Hey, I didn’t blame the kid. These cliffs were heavily wooded, and Lon owned ten acres of property. The only other souls up here were the Holidays. It was peaceful, but kind of creepy at moments like this. “I’ll shut it,” I said, jumping out of the SUV.

I scoured the dark woods around me as I walked. It was quiet and serene. A biting wind whispered through the brush and scattered the scent of cypress and dead leaves. If I stopped to listen, I’d hear the surf crashing against the rocks half a mile down the cliff below. But I didn’t want to try, not when I felt this creeped out. I thought of the man hiding in the shadows of the racetrack parking lot and moved faster. The gate screeched as I swung it shut and latched the handle. I hurried back to the yellow-lit interior of the SUV and slowed when I heard Jupe make a joyous noise. Lon shushed him.

“Okay, okay,” Jupe protested.

I stopped in front of my open door. Both of them stared back at me, wide-eyed, like they’d been caught with their hands in the cookie jar. “What the hell is going on?” I asked.

“Get in,” Lon said.

“Not until you tell me what’s going on.”

“It’s nothing. Just get in.”

A horrible worry cramped my stomach, but I got inside and shut the door.

Lon shifted into gear and drove toward the house, a modern long-lined construction of stack stone and plate glass. Very Frank Lloyd Wright. Expensive but not showy. It sprawled on a section of cleared land that overlooked the Pacific, with stunning views. But right now it was the house itself that was worrying me. I could see movement inside the golden light outlining the oversized windows.

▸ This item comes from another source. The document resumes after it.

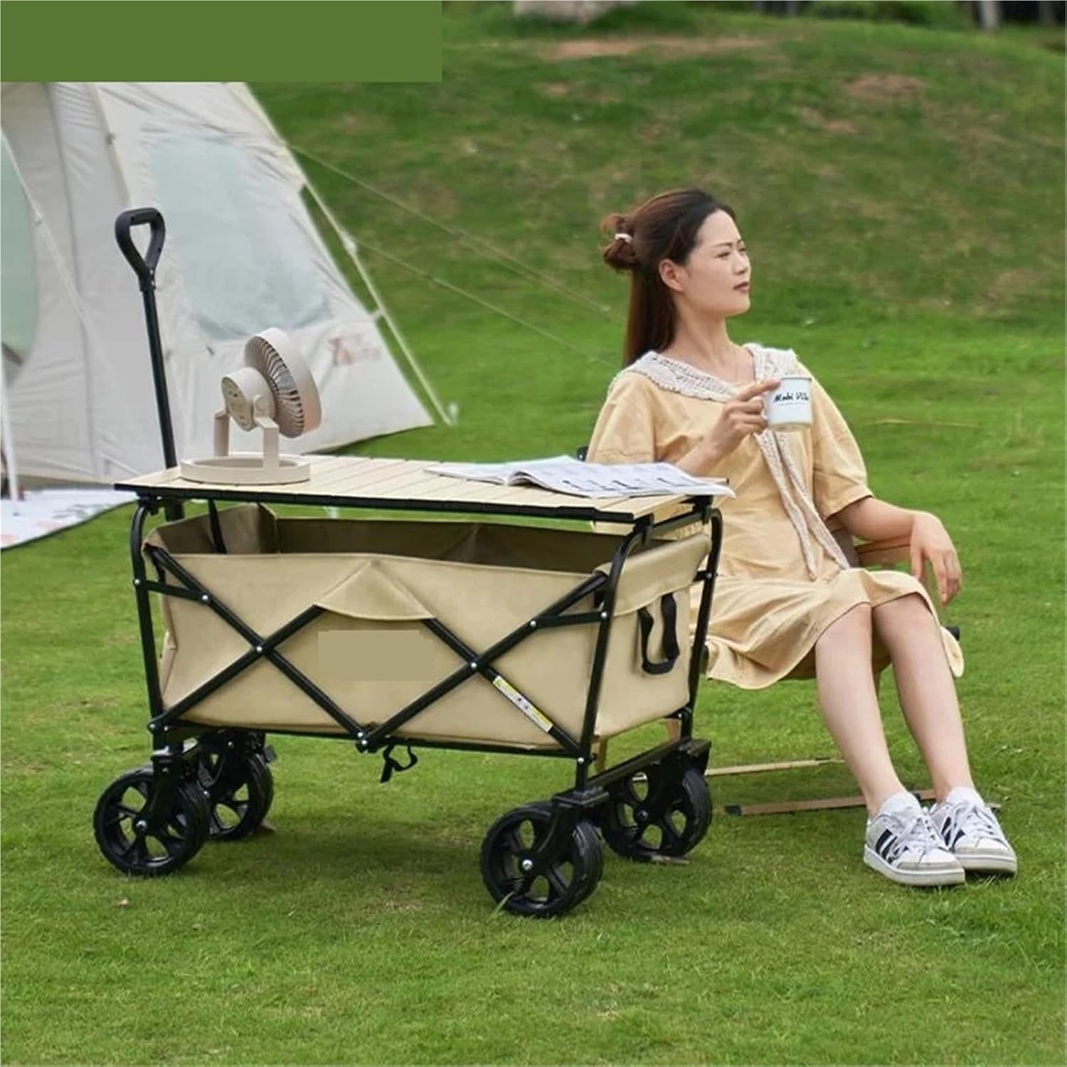 Design versatile: il carrello da campeggio pieghevole è progettato per varie attività all'aperto come campeggio, picnic, gite in spiaggia e giardinaggio. Grazie agli interni spaziosi, puoi trasportare facilmente tutte le tue cose importanti. Facile da riporre e trasportare: questo carrello si ripiega comodamente fino a raggiungere dimensioni compatte per riporlo facilmente nel bagagliaio o nell'armadio. La sua struttura leggera lo rende facile da trasportare, così puoi portarlo ovunque. Costruzione robusta: Realizzato con materiali durevoli, il camper pieghevole può trasportare carichi pesanti, assicurando che possa trasportare di tutto, da frigoriferi e sedie all'attrezzatura sportiva senza compromettere la stabilità Caratteristiche facili da usare: Dotato di maniglie regolabili per un comodo traino e ruote scorrevoli che navigano su varie superfici, questo carrello è progettato per un facile utilizzo, rendendo le tue avventure all'aria aperta senza problemi Tanto spazio: Grazie alla generosa capacità di carico, il carrello offre molto spazio per la tua attrezzatura, generi alimentari o giocattoli per bambini. Grazie al design accurato, tutto rimane organizzato e facilmente accessibile durante i tuoi viaggi.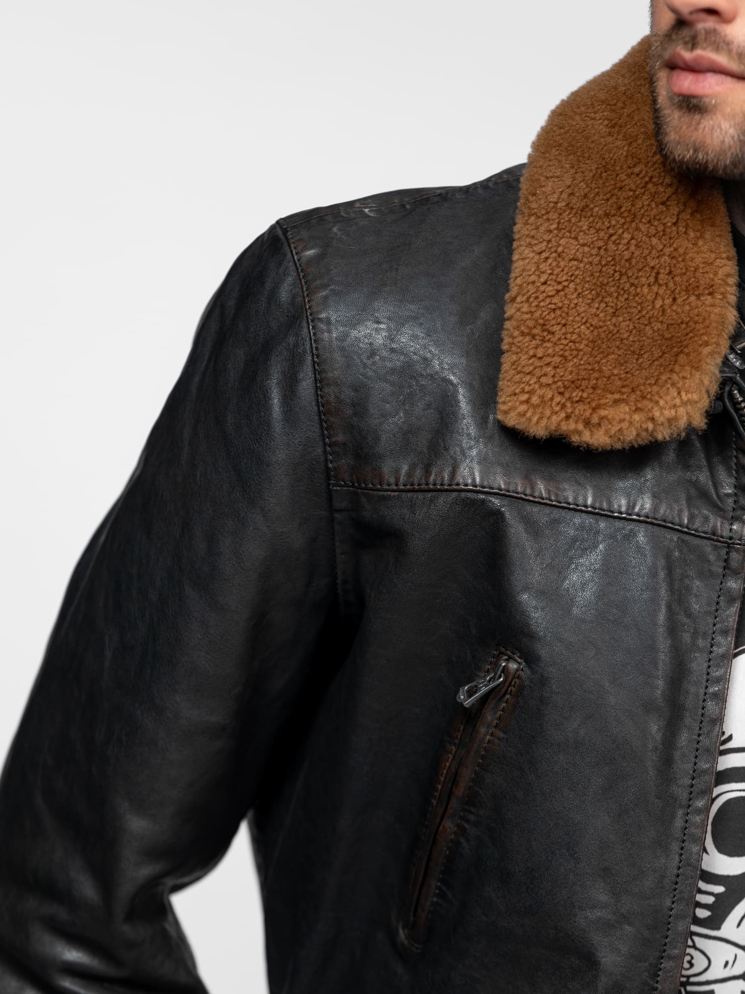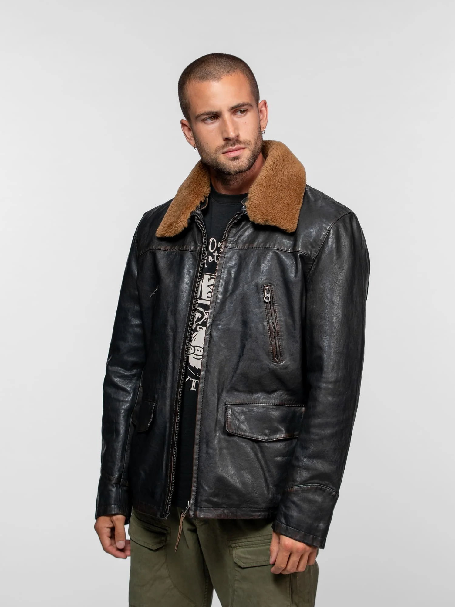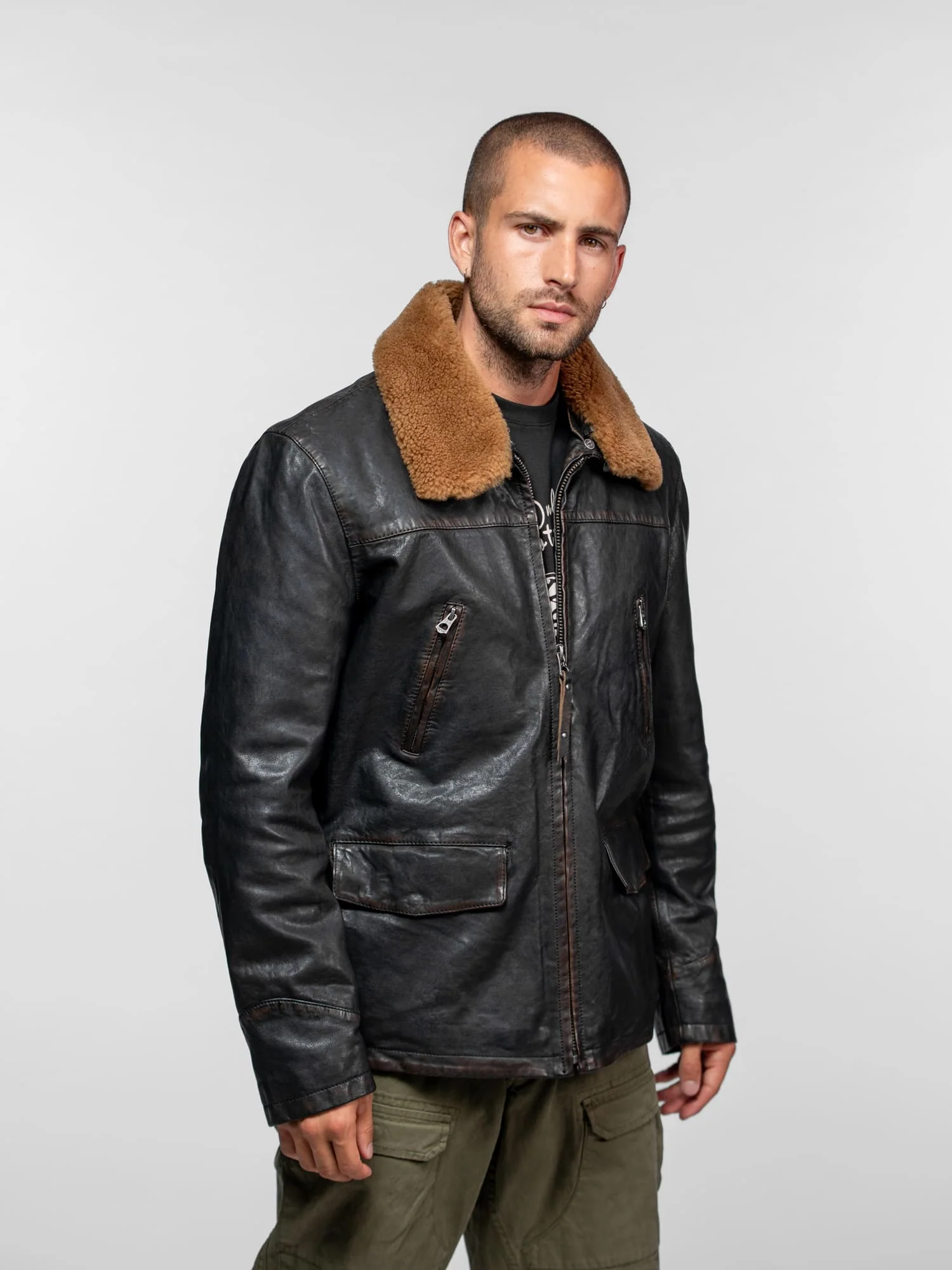 Optez pour un style vintage avec ce blouson esprit aviateur en cuir d’agneau épais effet vieilli. Proposé dans une coupe mi-longue confortable, il offre une protection idéale contre le froid.

I’d usually assume it was just the Holidays. They came and went freely, and their snug cabin-style house was only a short walk down another side road.

But when I spotted the strange white Mercedes parked behind Lon’s dusty pickup truck in the circular driveway in front of the house, I started to sweat.

“Whose car is that? Is that a rental? That’s a rental. Is that car from the airport?”

Lon pulled up behind it. “Now listen. I didn’t know. Mrs. Holiday just called me.”

Jupe squealed in delight. “Cady, you are going to love them!” He opened his door before the SUV came to a complete stop and leapt out, then ran up the path to the dark red front doors.

“What’s going on?” I was close to sobbing again. Could this night get any worse?

Jupe’s voice carried to the SUV as he flung the double doors open. “Gramma!”

“Oh, God,” I said. “Why are they early? Why didn’t you tell me?”

“Rose didn’t warn me. She does this sometimes.”

Rose Giovanni, aka Gramma. Lon’s ex-wife’s mother. And she was with Yvonne’s sister, Adella. Lon’s in-laws. Jupe’s real family.
Send me back to the racetrack.
I could deal with a supernatural fight. I could
not
deal with interpersonal family relations. Not yet. I needed more time to prepare.

I stepped out of the car in a daze. Lon walked around to my side. “I didn’t know,” he insisted, forcing me to look at him. “Hey. Stop worrying.”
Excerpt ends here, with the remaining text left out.